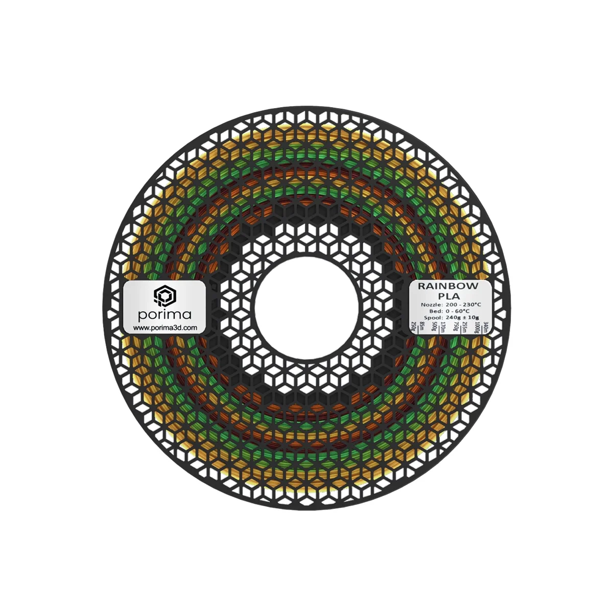 Porima Rainbow PLA Pastel Filament, yumuşak ve soluk tonlardaki renk geçişleriyle dekoratif ve estetik baskılar için özel olarak tasarlanmıştır. Parlaklığı ve doygunluğu düşük pastel tonlar ile üretildiği için görsel açıdan sade ama çarpıcı sonuçlar sunar. Bu seri, standart Porima PLA filamentlerin tüm avantajlarını taşımaktadır.
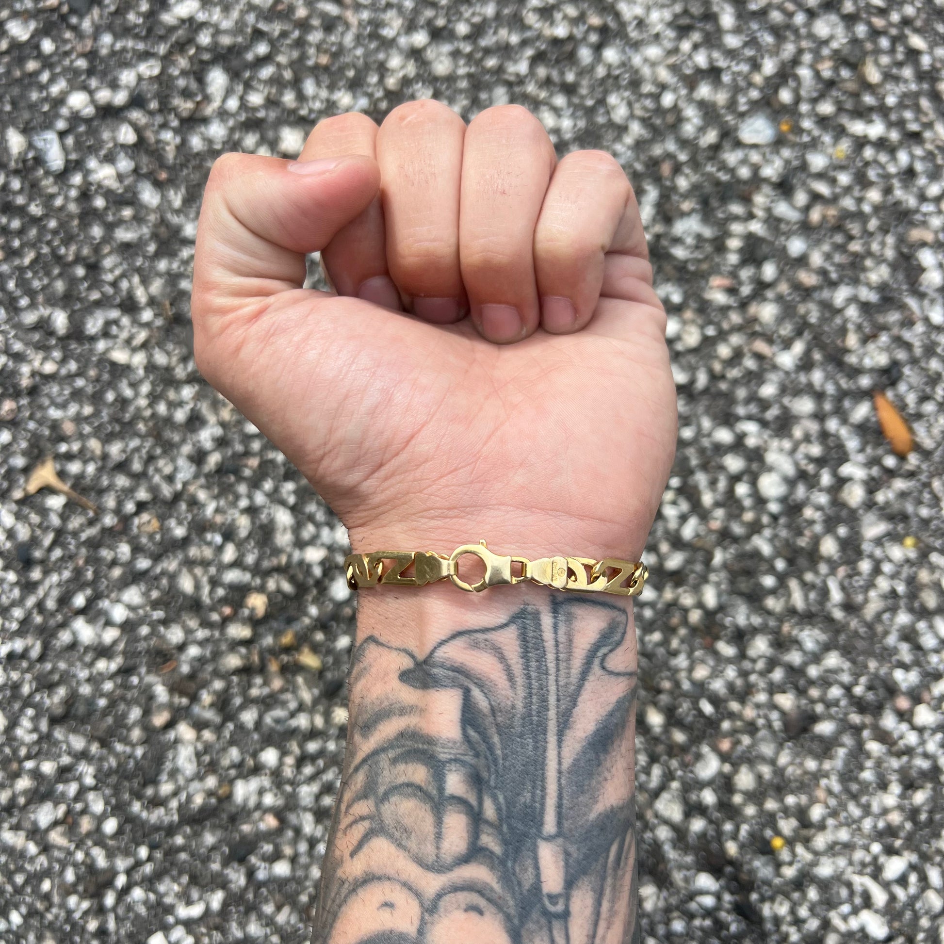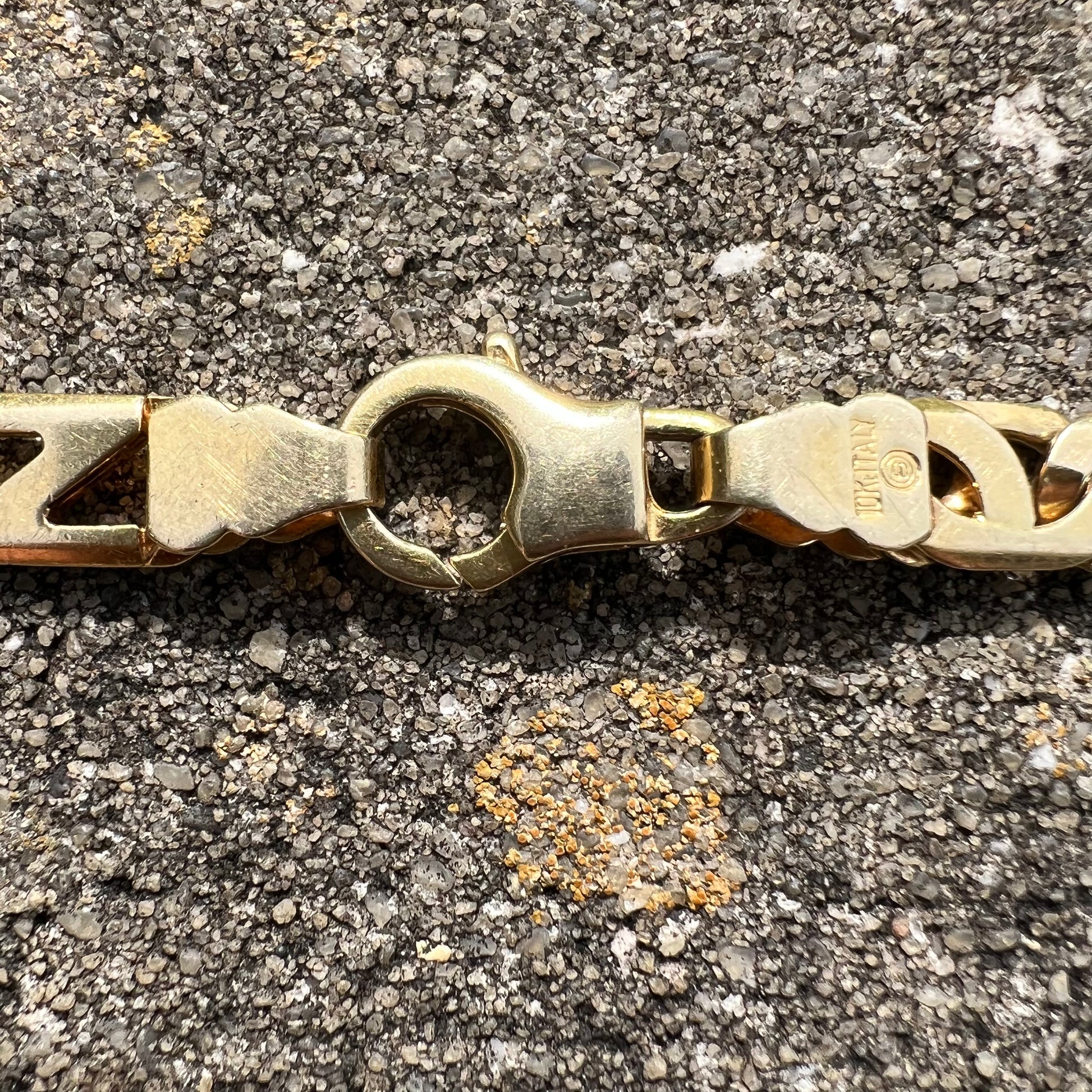 Produced with the strongest purity of gold alloy at 10k this vintage tigers eye mariner link bracelet is extremely heavy duty. With a beautiful deep Italian golden yellow, chunky, and strong bubble backed lobster clasp this is a bracelet for daily wear for those who work with their hands and aren’t afraid to get it banged around because trust me, this bracelet could take whatever pressure that gets thrown at it. A very unique and cool link style this bracelet weighs a hefty 19.61g and is a longer length at 8.5” by 7mm.
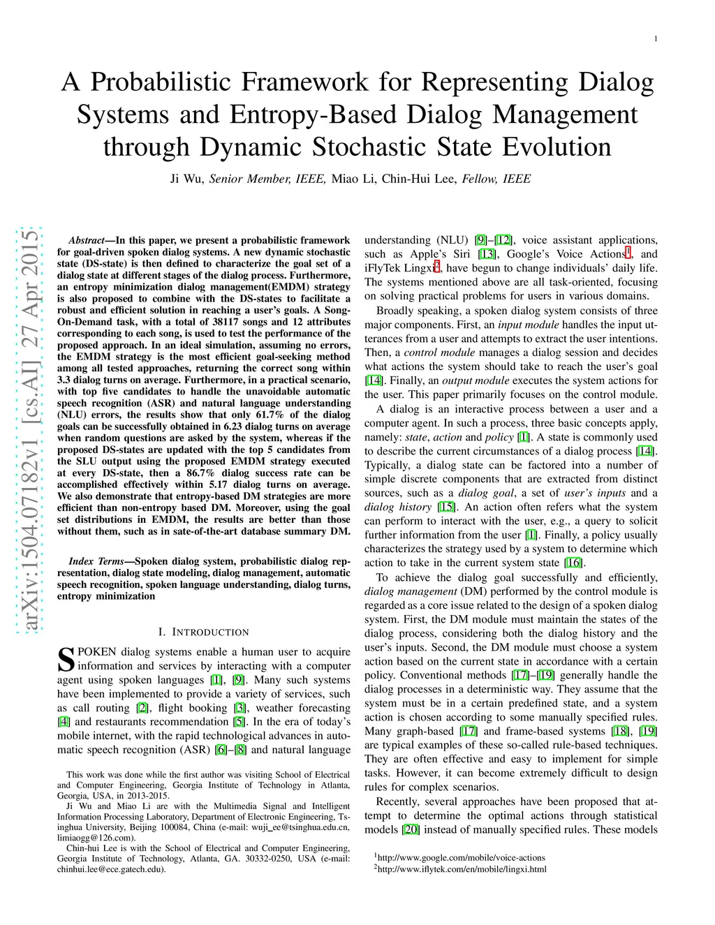 In this paper, we present a probabilistic framework for goal-driven spoken dialog systems. A new dynamic stochastic state (DS-state) is then defined to characterize the goal set of a dialog state at different stages of the dialog process. Furthermore, an entropy minimization dialog management(EMDM) strategy is also proposed to combine with the DS-states to facilitate a robust and efficient solution in reaching a user's goals. A Song-On-Demand task, with a total of 38117 songs and 12 attributes corresponding to each song, is used to test the performance of the proposed approach. In an ideal simulation, assuming no errors, the EMDM strategy is the most efficient goal-seeking method among all tested approaches, returning the correct song within 3.3 dialog turns on average. Furthermore, in a practical scenario, with top five candidates to handle the unavoidable automatic speech recognition (ASR) and natural language understanding (NLU) errors, the results show that only 61.7\% of the dialog goals can be successfully obtained in 6.23 dialog turns on average when random questions are asked by the system, whereas if the proposed DS-states are updated with the top 5 candidates from the SLU output using the proposed EMDM strategy executed at every DS-state, then a 86.7\% dialog success rate can be accomplished effectively within 5.17 dialog turns on average. We also demonstrate that entropy-based DM strategies are more efficient than non-entropy based DM. Moreover, using the goal set distributions in EMDM, the results are better than those without them, such as in sate-of-the-art database summary DM.
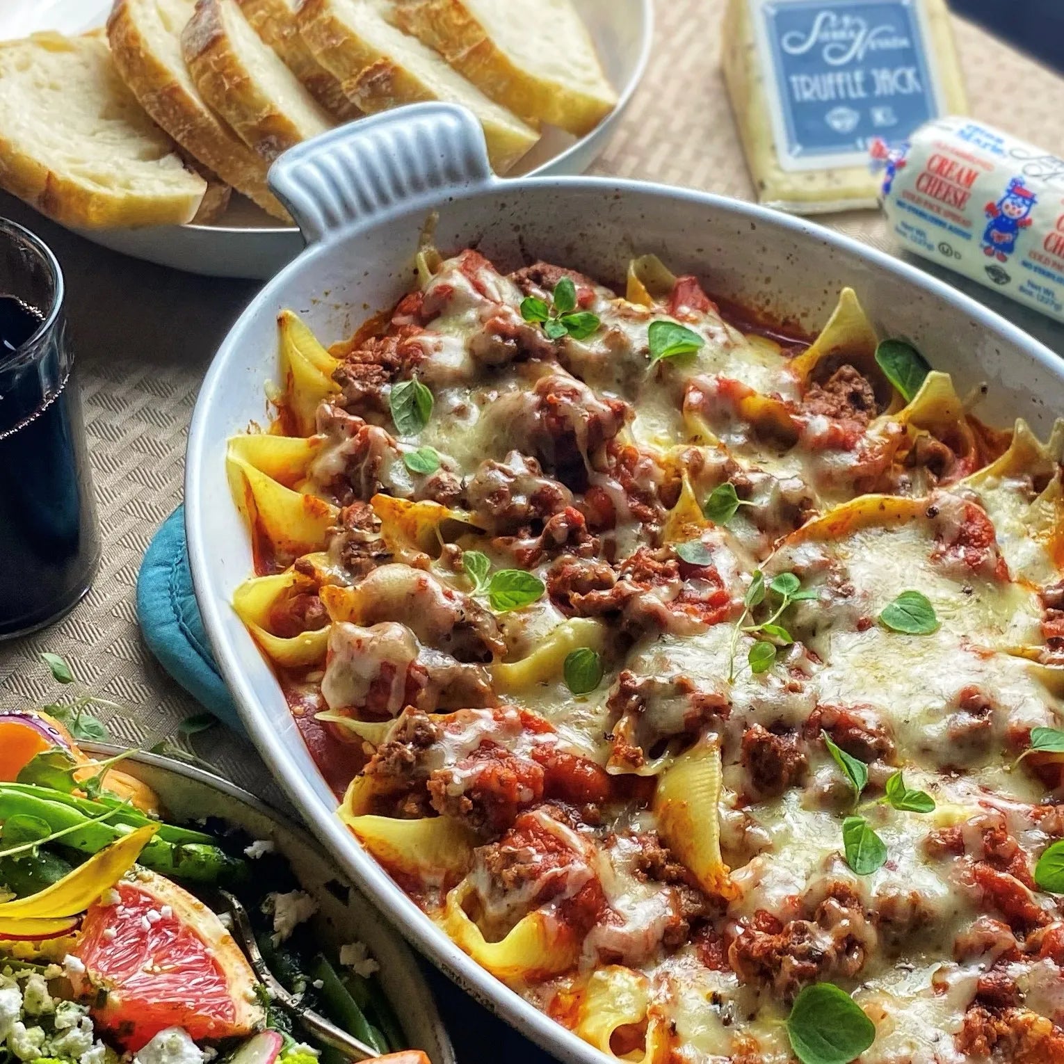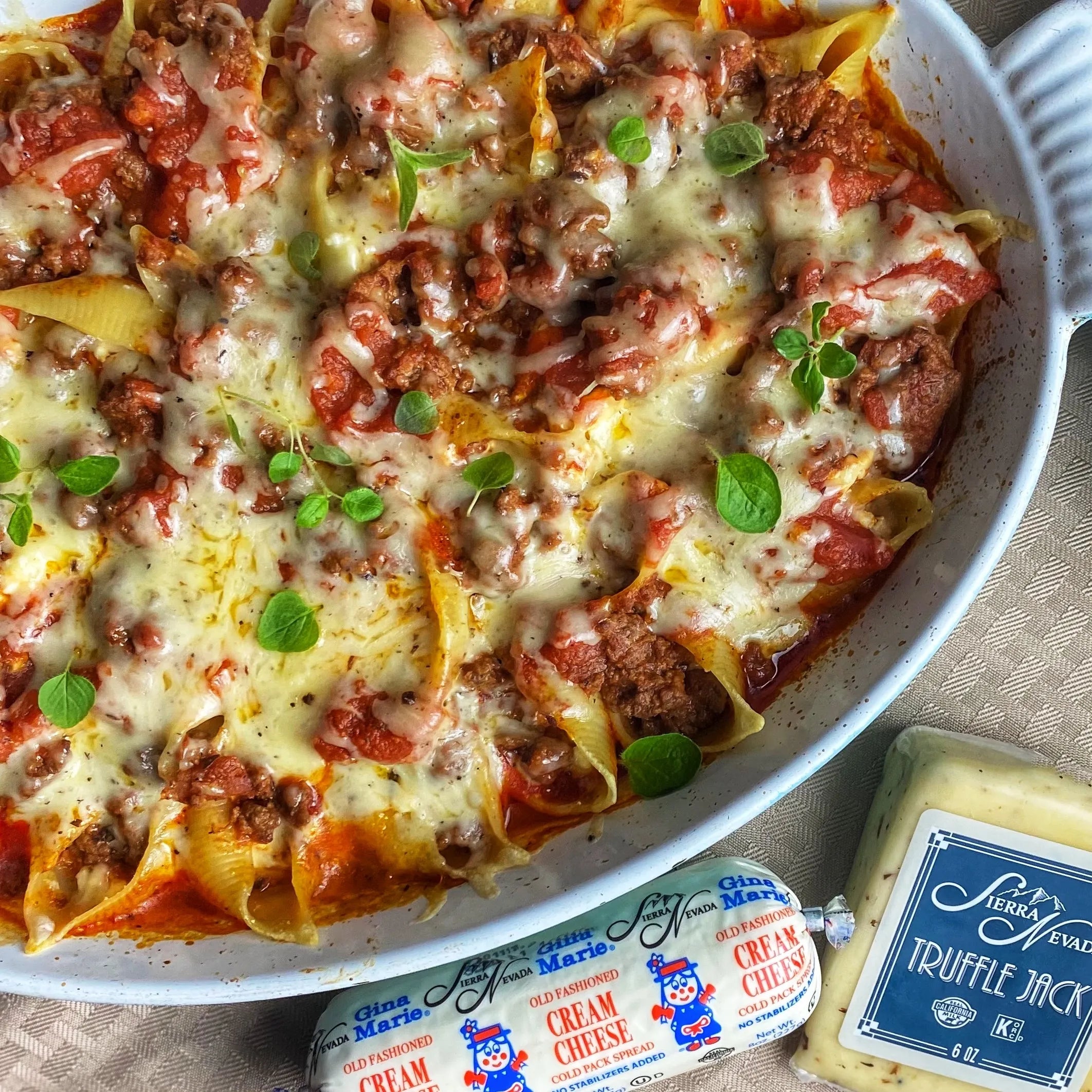 Stuffed Shells with Truffle Jack and Gina Marie Cream Cheese are a rich, comforting baked pasta dish layered with savory beef marinara and filled with a creamy blend of truffle-scented cheese. Finished with a bubbly, golden top, it’s an elevated take on a family favorite using real, flavorful ingredients.
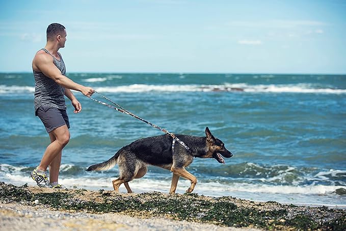 Dog Harness, No Pull Dogs Harness and Multi-Function Leash Set for Medium Dogs Easy Walk Everyday Adjustable Soft Dog Vest Harness Fashionable Dog Accessories Camouflage Blue-Slim Large
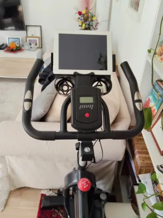 Bicicletta da spinning per allenamenti a casa. Progettata per offrire un'esperienza di ciclismo indoor. - Manubrio ergonomico. - Sella regolabile in altezza e profondità. - Display digitale per il monitoraggio delle metriche. - Pedali con presa. - Volano per resistenza. In ottime condizioni.
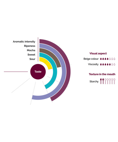 The perfect maturity of the selected fruit gives the puree a naturally sweet taste and aromatic notes of mocha coffee. Due to the presence of starch, the texture of this puree may seem sticky and floury.
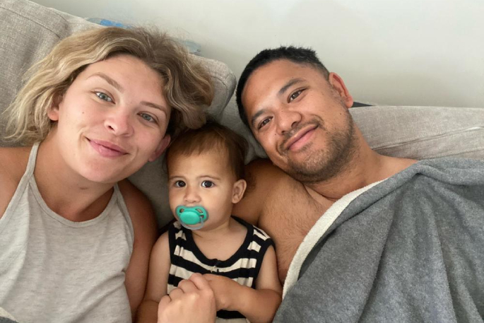An investigation into how Tere Livingstone was injured is underway. He's pictured with his partner, Chloe and young son Nikora. Photo: Supplied.

*****

§ Assignment:
When you transcribe these entries, keep every word exact and drop the pictures.

§ Output:
 Porima Rainbow PLA Pastel Filament, yumuşak ve soluk tonlardaki renk geçişleriyle dekoratif ve estetik baskılar için özel olarak tasarlanmıştır. Parlaklığı ve doygunluğu düşük pastel tonlar ile üretildiği için görsel açıdan sade ama çarpıcı sonuçlar sunar. Bu seri, standart Porima PLA filamentlerin tüm avantajlarını taşımaktadır.
 Produced with the strongest purity of gold alloy at 10k this vintage tigers eye mariner link bracelet is extremely heavy duty. With a beautiful deep Italian golden yellow, chunky, and strong bubble backed lobster clasp this is a bracelet for daily wear for those who work with their hands and aren’t afraid to get it banged around because trust me, this bracelet could take whatever pressure that gets thrown at it. A very unique and cool link style this bracelet weighs a hefty 19.61g and is a longer length at 8.5” by 7mm.
 In this paper, we present a probabilistic framework for goal-driven spoken dialog systems. A new dynamic stochastic state (DS-state) is then defined to characterize the goal set of a dialog state at different stages of the dialog process. Furthermore, an entropy minimization dialog management(EMDM) strategy is also proposed to combine with the DS-states to facilitate a robust and efficient solution in reaching a user's goals. A Song-On-Demand task, with a total of 38117 songs and 12 attributes corresponding to each song, is used to test the performance of the proposed approach. In an ideal simulation, assuming no errors, the EMDM strategy is the most efficient goal-seeking method among all tested approaches, returning the correct song within 3.3 dialog turns on average. Furthermore, in a practical scenario, with top five candidates to handle the unavoidable automatic speech recognition (ASR) and natural language understanding (NLU) errors, the results show that only 61.7\% of the dialog goals can be successfully obtained in 6.23 dialog turns on average when random questions are asked by the system, whereas if the proposed DS-states are updated with the top 5 candidates from the SLU output using the proposed EMDM strategy executed at every DS-state, then a 86.7\% dialog success rate can be accomplished effectively within 5.17 dialog turns on average. We also demonstrate that entropy-based DM strategies are more efficient than non-entropy based DM. Moreover, using the goal set distributions in EMDM, the results are better than those without them, such as in sate-of-the-art database summary DM.
 Stuffed Shells with Truffle Jack and Gina Marie Cream Cheese are a rich, comforting baked pasta dish layered with savory beef marinara and filled with a creamy blend of truffle-scented cheese. Finished with a bubbly, golden top, it’s an elevated take on a family favorite using real, flavorful ingredients.
 Dog Harness, No Pull Dogs Harness and Multi-Function Leash Set for Medium Dogs Easy Walk Everyday Adjustable Soft Dog Vest Harness Fashionable Dog Accessories Camouflage Blue-Slim Large
 Bicicletta da spinning per allenamenti a casa. Progettata per offrire un'esperienza di ciclismo indoor. - Manubrio ergonomico. - Sella regolabile in altezza e profondità. - Display digitale per il monitoraggio delle metriche. - Pedali con presa. - Volano per resistenza. In ottime condizioni.
 The perfect maturity of the selected fruit gives the puree a naturally sweet taste and aromatic notes of mocha coffee. Due to the presence of starch, the texture of this puree may seem sticky and floury.
An investigation into how Tere Livingstone was injured is underway. He's pictured with his partner, Chloe and young son Nikora. Photo: Supplied.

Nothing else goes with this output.